Çiftçilerimizin yıllardır süregelen konvansiyonel üretim yöntemlerini terk edip, agroekolojik üretim yöntemlerine sağlıklı bir şekilde geçebilmeleri için, toprak sağlığını ve mahsul verimlerini gözeterek danışmanlarımızla birlikte kademeli bir geçiş planı uyguluyoruz. 

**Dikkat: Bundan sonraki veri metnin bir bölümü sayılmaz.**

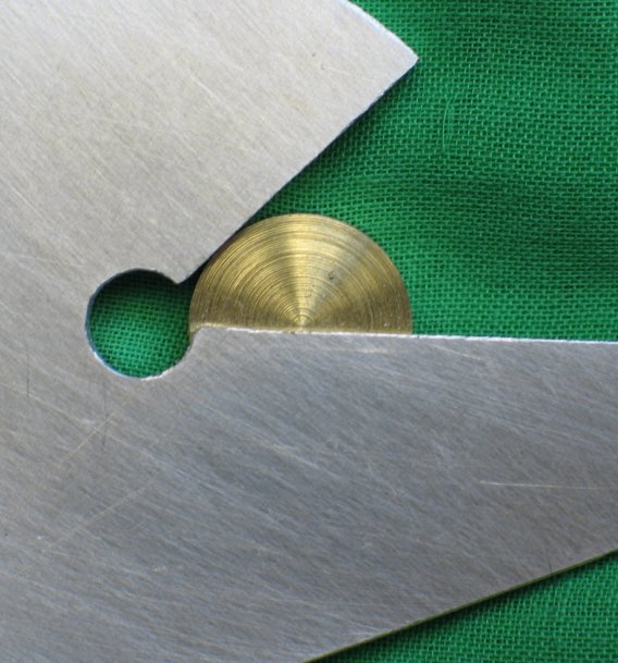 between 1/2 and 3 inches with the large size. It is very accurate, and easy to use. Hold against the open angle on back and using a fine point scribe, scribe a line across the part. Turn the part 90 degrees and scribe again. The scribe marks intersect at the exact center of the round piece. |

Proje öncesinde sentetik gübre kullanan çiftçilerimizin, ilk sene için bu sentetik gübreler yerine organomineral kullanmalarını sağlayarak toprak yapılarını iyileştirmeyi, toprağın su tutma kapasitesini ve toprakta bulunan mikroorganizma sayısını arttırmayı hedefledik. Projeye dahil olmadan önce sentetik gübre kullanmayan üreticilerimiz ise topraklarının azot bağlama kapasitesini ve mikroorganizma sayısını artıracak organik girdileri kullanmaya başladılar.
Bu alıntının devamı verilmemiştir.